> Problem to work on
Only one span is wanted from the lines below: from the one with "The base is a dark steel and red swirl." up to and including the one with "В этом случае". Copy it exactly, without images.

> Data records
_ _ _

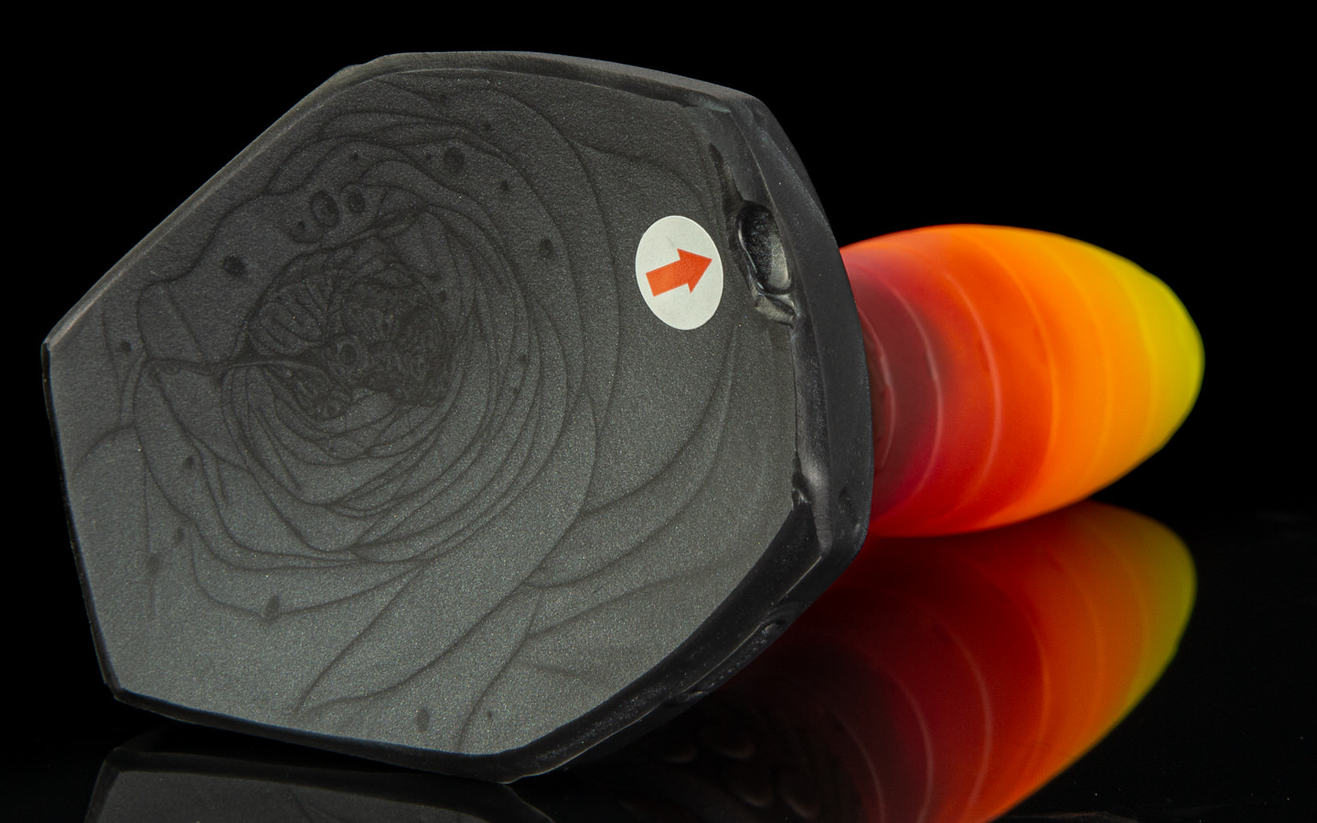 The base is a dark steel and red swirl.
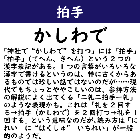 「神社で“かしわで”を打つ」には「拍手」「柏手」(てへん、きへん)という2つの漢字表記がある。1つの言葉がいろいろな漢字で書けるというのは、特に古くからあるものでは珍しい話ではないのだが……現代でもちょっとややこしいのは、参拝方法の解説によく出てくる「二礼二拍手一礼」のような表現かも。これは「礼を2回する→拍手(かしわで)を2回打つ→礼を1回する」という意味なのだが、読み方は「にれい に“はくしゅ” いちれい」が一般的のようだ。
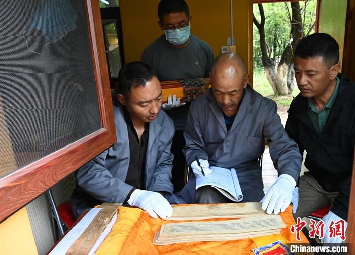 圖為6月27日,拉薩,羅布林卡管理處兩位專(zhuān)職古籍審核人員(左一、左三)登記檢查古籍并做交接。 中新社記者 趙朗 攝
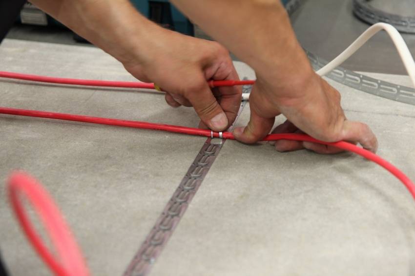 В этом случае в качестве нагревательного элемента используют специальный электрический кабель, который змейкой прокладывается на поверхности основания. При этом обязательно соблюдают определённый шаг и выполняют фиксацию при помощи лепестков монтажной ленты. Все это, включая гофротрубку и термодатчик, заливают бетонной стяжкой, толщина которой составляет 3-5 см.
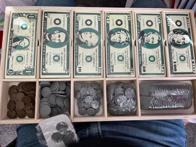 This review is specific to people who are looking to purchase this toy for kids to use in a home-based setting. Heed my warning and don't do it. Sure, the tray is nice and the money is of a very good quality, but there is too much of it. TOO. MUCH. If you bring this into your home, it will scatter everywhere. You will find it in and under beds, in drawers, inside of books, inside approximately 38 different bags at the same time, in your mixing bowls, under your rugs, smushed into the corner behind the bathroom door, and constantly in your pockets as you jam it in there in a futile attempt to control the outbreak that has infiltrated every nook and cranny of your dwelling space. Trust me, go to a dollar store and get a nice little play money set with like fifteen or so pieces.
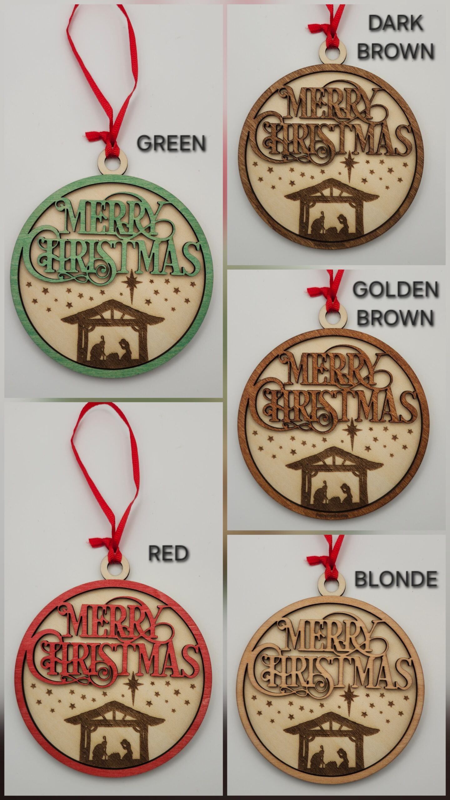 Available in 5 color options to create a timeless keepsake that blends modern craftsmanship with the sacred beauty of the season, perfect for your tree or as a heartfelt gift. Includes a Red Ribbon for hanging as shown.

_ _ _

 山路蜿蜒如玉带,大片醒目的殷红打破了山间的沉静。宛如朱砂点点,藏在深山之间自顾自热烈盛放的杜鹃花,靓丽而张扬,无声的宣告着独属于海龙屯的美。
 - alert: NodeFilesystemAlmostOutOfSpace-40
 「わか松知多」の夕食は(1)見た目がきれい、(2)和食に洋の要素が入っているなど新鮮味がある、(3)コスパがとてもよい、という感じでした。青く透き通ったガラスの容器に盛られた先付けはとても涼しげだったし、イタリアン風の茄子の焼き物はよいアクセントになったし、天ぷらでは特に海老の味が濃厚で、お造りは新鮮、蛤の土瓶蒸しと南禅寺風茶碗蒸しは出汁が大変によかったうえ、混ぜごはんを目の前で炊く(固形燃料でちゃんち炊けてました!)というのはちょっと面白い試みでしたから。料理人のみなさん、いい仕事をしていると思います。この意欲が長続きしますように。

_ _ _

> Solution below
 The base is a dark steel and red swirl.
 「神社で“かしわで”を打つ」には「拍手」「柏手」(てへん、きへん)という2つの漢字表記がある。1つの言葉がいろいろな漢字で書けるというのは、特に古くからあるものでは珍しい話ではないのだが……現代でもちょっとややこしいのは、参拝方法の解説によく出てくる「二礼二拍手一礼」のような表現かも。これは「礼を2回する→拍手(かしわで)を2回打つ→礼を1回する」という意味なのだが、読み方は「にれい に“はくしゅ” いちれい」が一般的のようだ。
 圖為6月27日,拉薩,羅布林卡管理處兩位專(zhuān)職古籍審核人員(左一、左三)登記檢查古籍并做交接。 中新社記者 趙朗 攝
 В этом случае в качестве нагревательного элемента используют специальный электрический кабель, который змейкой прокладывается на поверхности основания. При этом обязательно соблюдают определённый шаг и выполняют фиксацию при помощи лепестков монтажной ленты. Все это, включая гофротрубку и термодатчик, заливают бетонной стяжкой, толщина которой составляет 3-5 см.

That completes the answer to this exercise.